• Hoofdstuk 14 •

54 3 0
                                    

HOOFDSTUK 14; ONDER TOEZICHT

Perspectief ghizlane:

We liepen naar het cellencomplex...daar ging ik dan.


We liepen naar binnen en ik zag Amine op het kleine bankje liggen, hij was aan het slapen. De agent zat op het bankje tegen over de cel waar Amine in zat.

"Mevrouw el Ourrousie u bent er.'' Ik glimlachte naar de agent en ging voor Amine's cel staan.

Ghizlane: Hoe gaat het met hem? De agent zuchtte.

Agent: Ik zou het niet weten mevrouw, ik zou het niet weten.

Ghizlane: klopt het dat zijn broertje dood is?

Agent: Ja al een paar jaar nu. Het heeft Amine sterk veranderd. Wat doet hij nu? weet u dat?

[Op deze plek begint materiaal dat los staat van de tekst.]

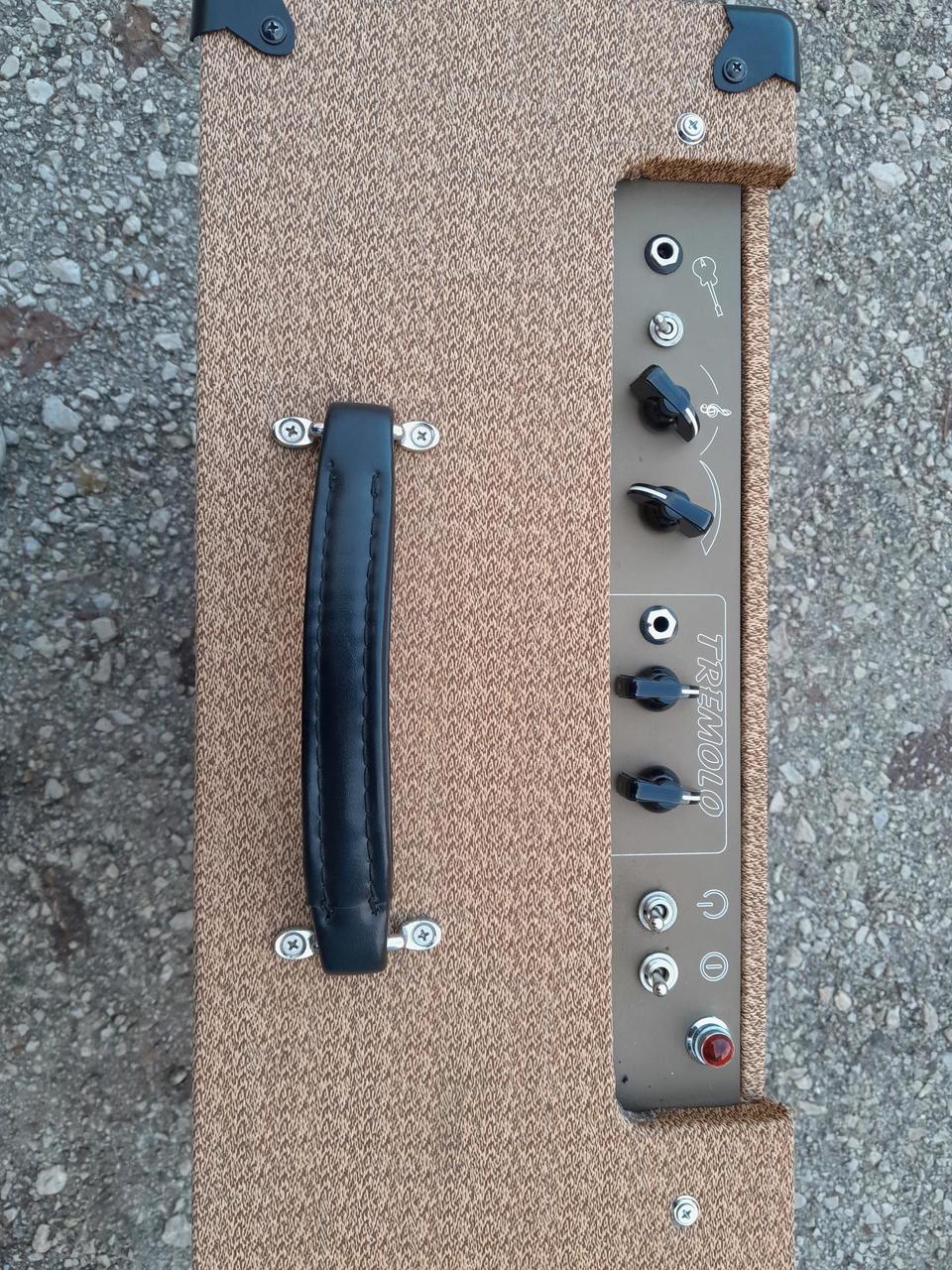 typové označení P-TF 22848 - 35W, 8Ohmů výstup. Osazoval se do tweedových verzí modelů: Pro Reverb, Tremolux, Bandmaster a Vibrolux. Síťák je od Hammond, typ 291BEX.Tlumivka ve zdroji je také Hammond.V předzesilovači je dvojitá trioda ECC83, v invertoru dvojitá trioda 6SL7, v oscilátoru tremola opět ECC83, v koncovém stupni jsou dvě výkonové pentody 5881.Ve zdroji pak dvojitá dioda GZ34, Korpus komba je ze smrkového masivu, pečlivě vysušená spárovka a přední deska je z březové překližky.Potenciometry Bourns,přepínače od Apem, bižuterie veškerá v audiokvalitě. I propojovací káblíky v signálové cestě jsou speciály pro audio použití.
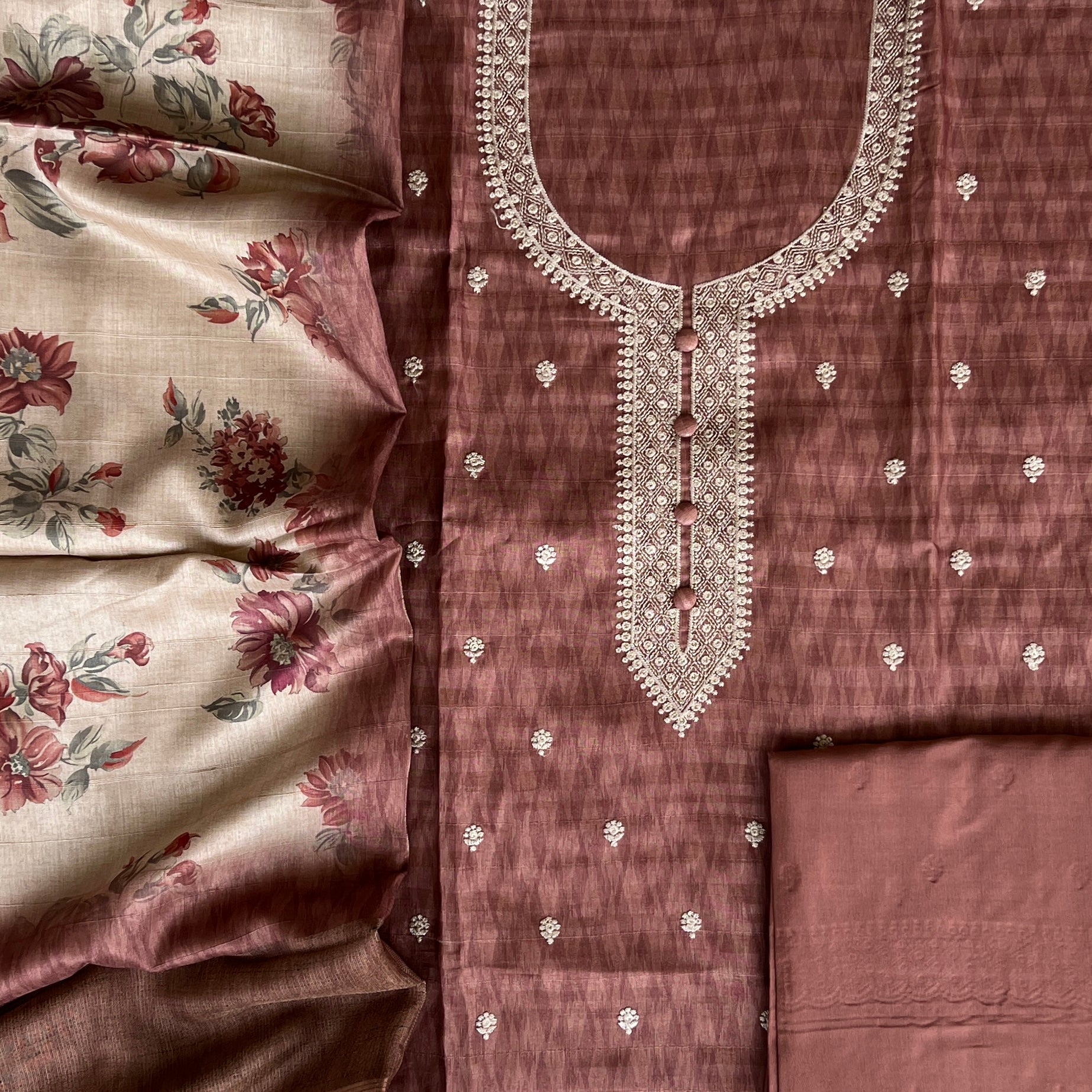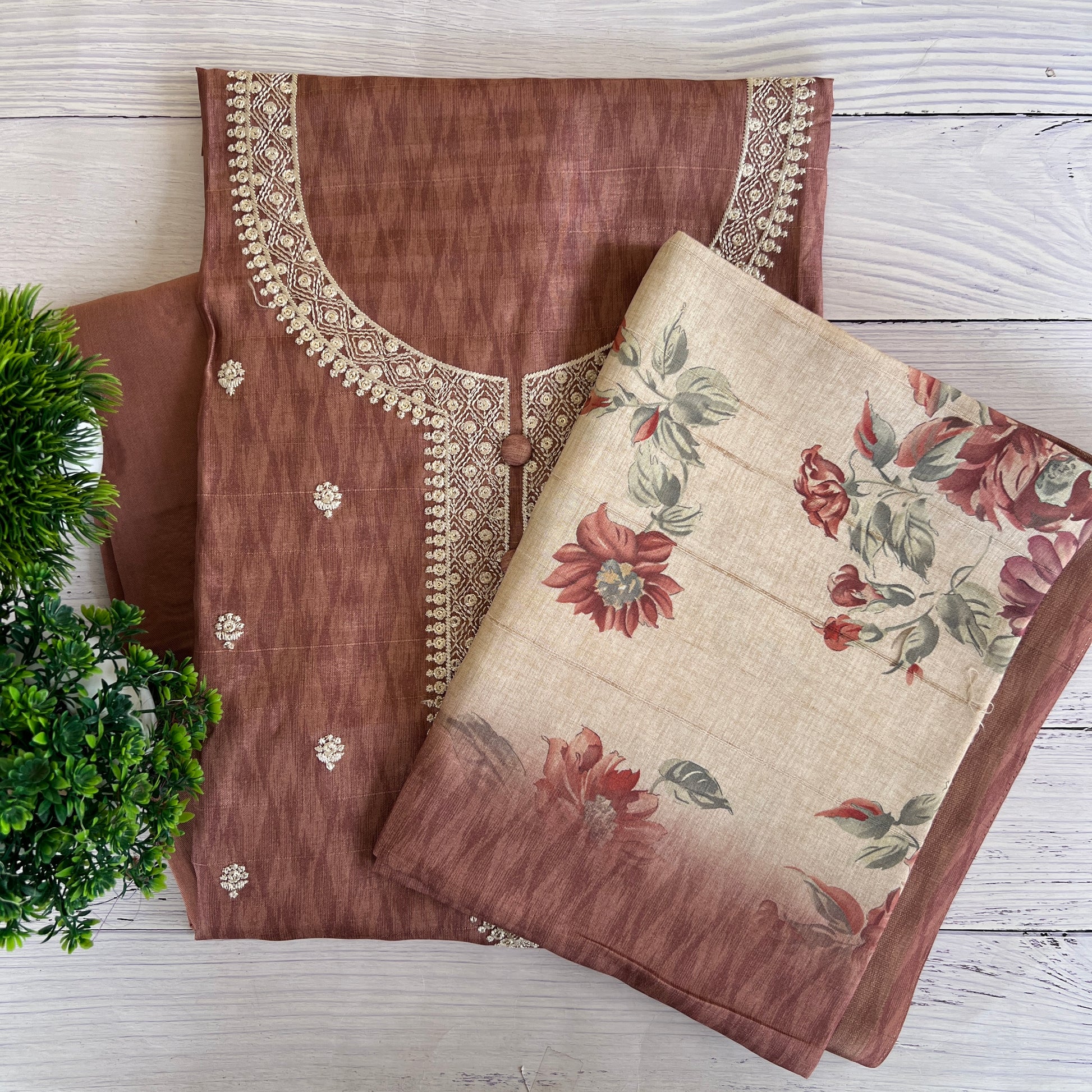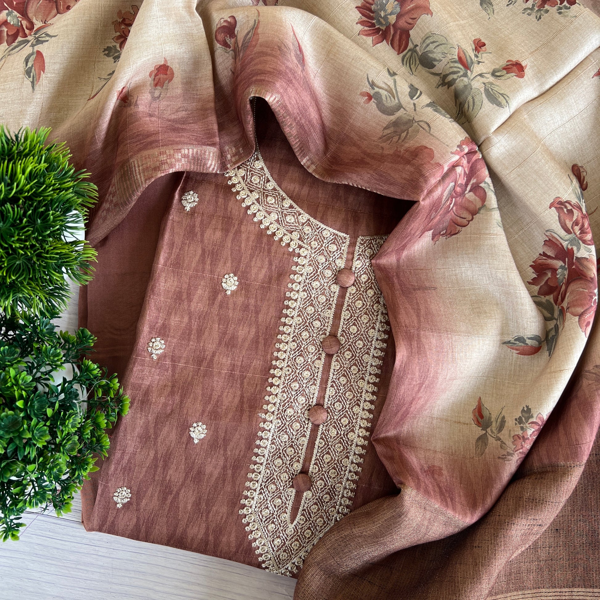 Kurta - Semi Tusser Fine Embroidery Kurta (2.5Mtr)

Ghizlane: Hij zit op de uni. Zei ik terwijl ik nog steeds naar de slapende Amine keek. Zelfs slapend ziet hij er ongerust uit. Ik besefte me na het uitspreken van die woorden dat ik het hardop had gezegd.

Agent: Dat is hij al jaren, jammer genoeg. Al denk ik wel dat er iets is wat hem rustig maakt. ik draaide me nieuwsgierig om naar de agent.

Ghizlane: Nou?

Agent: zou u dat willen weten. Zei hij glimlachend. Ik vertrouwde deze man, hij keek naar Amine alsof het zijn zoon is. Dus waarom niet eerlijk zijn? ik zie hem toch nooit meer.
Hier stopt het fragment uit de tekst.